January 22nd, 2008 at 9:52 pm e
Jaideep Khanduja wrote:
First of all a board is not only supposed in this case to assume power and take action but to analyze first what went wrong that a non performing person became a member of senior management. Or there could be another case where a very good performing senior management member could turn out into a non performer due to some reasons. In both cases board of directors are to brain storm in cleaning their filters and leakages to ensure that further there will be no non performers put as a member of senior management and in the 2nd case will find out the solution to turn back the non performer to a performer or give him some space, air and time to get back to his/her excellence by overcoming the factors affecting his/her performance.
18.
January 22nd, 2008 at 9:56 pm e
Juha Harkonen wrote:
The board should never act past the CEO in firing a senior member of staff. If the board has strong concerns and the CEO is not willing to act then the board must decide on the CEO.
19.
January 23rd, 2008 at 4:50 pm e
Ian Fountain wrote:
From day 1 there should be clear and challenging success metrics.

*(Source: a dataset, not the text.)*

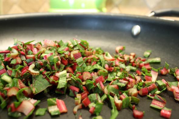 Для приготовления начинки 0,5 кг мангольда бланшируют 2 минуты в кипятке, дают стечь лишней жидкости. Шинкуют 2 головки красного лука, обжаривают в сковороде на подсолнечном масле, добавляют туда же 3 зубчика рубленного чеснока, мангольд, белое вино — треть стакана, тушат до готовности, присаливая и поперчив. Тесто раскатывают, смазывают сковороду подсолнечным маслом, выкладывают туда пласт, плотно прижимают и накалывают часто вилкой. Выпекают в течение 10 минут в духовке при температуре 225°C. Пока тесто запекается, подготавливают заливку, взбивая 3 яйца, 200 мл сливок, мускатный орех — щепотку, немного красного и черного перца. Лучше использовать блендер. В основу для пирога выкладывают тушеные овощи, затем — кусочки мягкого сыра фета (150 г), 80 г толченого грецкого ореха, а сверху поливают смесью яиц и сливок. Пирог выпекают в заранее нагретой духовке в течение получаса. Из формы достают, когда остыл.

No one person is more responsible to the success or failure of a company than the CEO. If he or she is not focused and continues to receive annual bonuses that do not relate to the financial gains or losses, then you have already lost the competitive edge needed to survive
For this reason the metrics must be in place from day 1.
Then a clear set of rules for everyone can be established.

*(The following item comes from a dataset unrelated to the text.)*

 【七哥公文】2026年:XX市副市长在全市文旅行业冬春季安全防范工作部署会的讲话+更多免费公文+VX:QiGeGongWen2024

Usually I would insist on a 3 strikes and your out type of policy.
3 quarters, 3 halves, 3 years depending on the dynamic of the company and the level of impact that CEO must make.
Once this has been created for the CEO it is very simple to apply similar metrics and criteria to the CFO, COO etc.
But note, this should also be true for the board of directors. They should be constantly advising the comapny on how to succeed and looking at the market to ensure that through their knowledge the company is steered towards success. This unfortunately is not always the case and the board of directors should also have some responsibilities that they should be measured against
20.
January 24th, 2008 at 8:34 pm e
Michael Adams wrote:
The Board of Directors has the power to remove a member of senior management anytime. The BOD is responsible for protecting the stockholders interest and managing (GRC) corporate governance, risk management and regulatory compliance.
We at BoardMemberServices.com provides board assessment services that evaluate directors and executives.
There are several good organizations that I have had the pleasure of working with in the past that provides excellent information on these types of questions. Society of Corporate Secretaries and Governance Professionals http://www.governanceprofessioals.org, Canadian Society of Corporate Secretaries http://www.cscs.org and Open Compliance and Ethics Group. http://www.oceg.org
21. Pete Zawadzki Says:
January 24th, 2008 at 11:05 pm e
Voting out the CEO is perhaps the Board Of Directors greatest power. It’s neglect not to have a succession plan, even if it is not formalized. Succession planing may just lead to executing an M&A exit strategy. So the two have to be considered at the same time.